*** Block opens ***

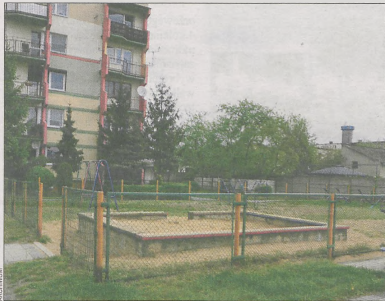
Czy miasto ma budować place zabaw na terenie należącym do spółdzielni?

Gmina mogłaby wybudować plac zabaw, jednak teren ten należy do spółdzielni mieszkaniowej. Ostatecznie, jak mówi W. Sołtysiak, ustalono, że obie instytucje będą musiały wspólnie rozwiązać problem ze
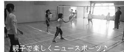
親子で楽しくニュースポーツ♪

ビーチボールという競技は、ボールが予測不能な動きをするので、思うようなところに飛ばすことが難しく、試合展開も早いので、意外と奥が深いスポーツでした。
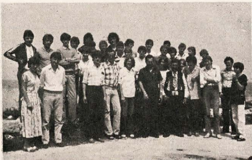
Slovenski maturanti v Beogradu
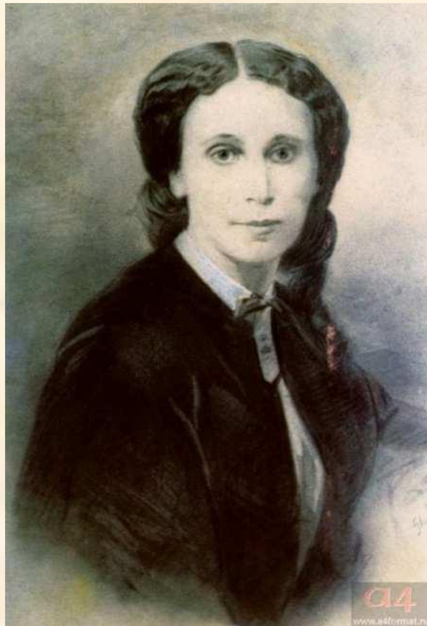
Е.А. Денисьева. Фото начала 1860-х

«Денисьевский» цикл - это собрание стихотворений Ф.И. Тютчева, в которых говорится о его любви к Елене Денисьевой. Отношения поэта с Денисьевой были более чем драматичными, однако продолжались в течение четырнадцати лет. Общество с трудом мирилось с их связью: во-первых, Тютчев был женат, во-вторых, возлюбленная годилась ему в дочери. Но, несмотря ни на что, отношения продолжались.
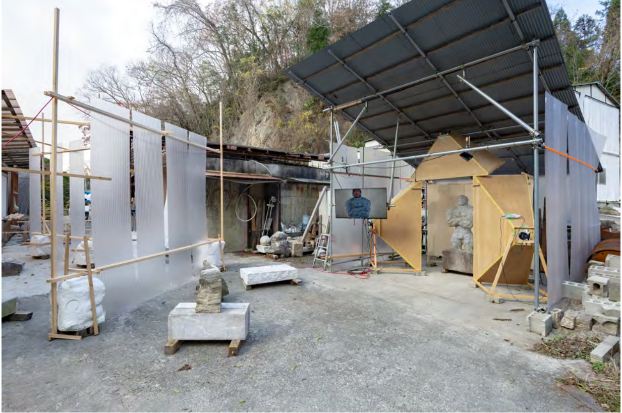
・ 入り口から見た画像
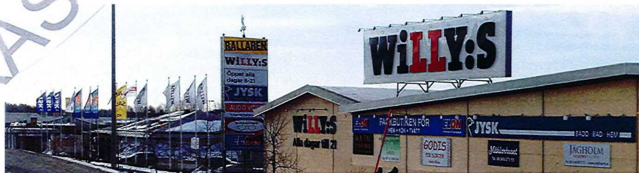
Foto inom verksamhetsområden Österåkers kommun

Verksamhetsområden tål en kraftigare skytning än andra miljöer eftersom områdena präglas av en storskalig miljö. Skytningen ska dock vara prydlig och framför allt vägledande.
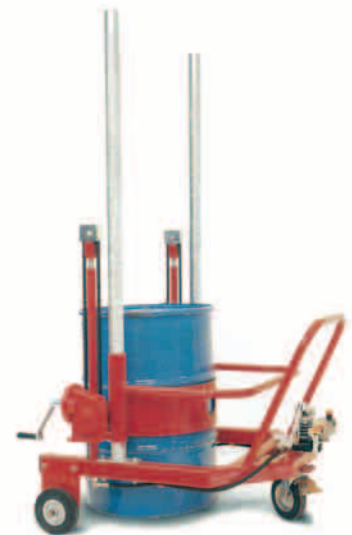
Rys. 13. Wózek jezdniowy ręczny podnośnikowy specjalizowany (z ang. specialized pedestrian propeller stacking truck ).

cking trucks lub hand lift trucks , a wśród nich odmiany wynikające z cech konstrukcyjnych:
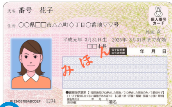
マイナンバーカード（個人番号カード）
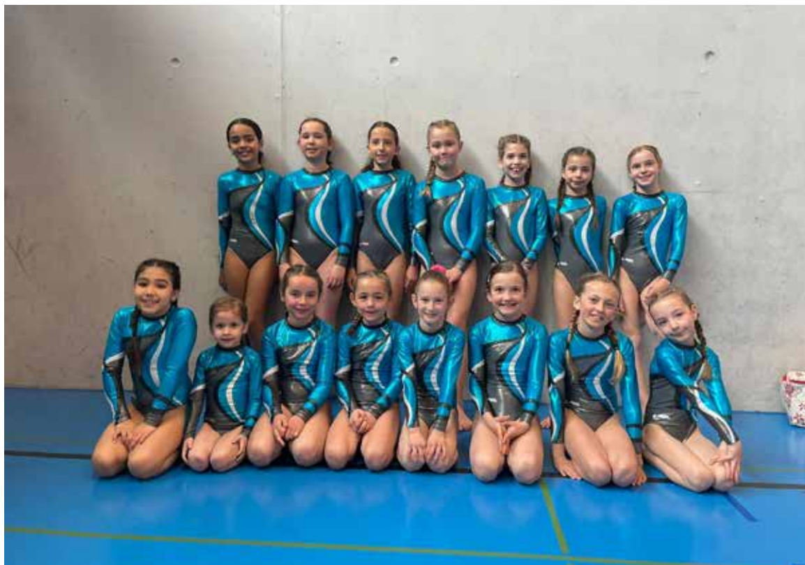
Les Agrès lors de la Team-Cup

*** Block closes ***

Task:
When copying from the data above, begin at the line containing "Verksamhetsområden tål en" and end at the line containing "Rys. 13. Wózek"; return those lines exactly and leave all pictures behind.

Expected answer:
Verksamhetsområden tål en kraftigare skytning än andra miljöer eftersom områdena präglas av en storskalig miljö. Skytningen ska dock vara prydlig och framför allt vägledande.
Rys. 13. Wózek jezdniowy ręczny podnośnikowy specjalizowany (z ang. specialized pedestrian propeller stacking truck ).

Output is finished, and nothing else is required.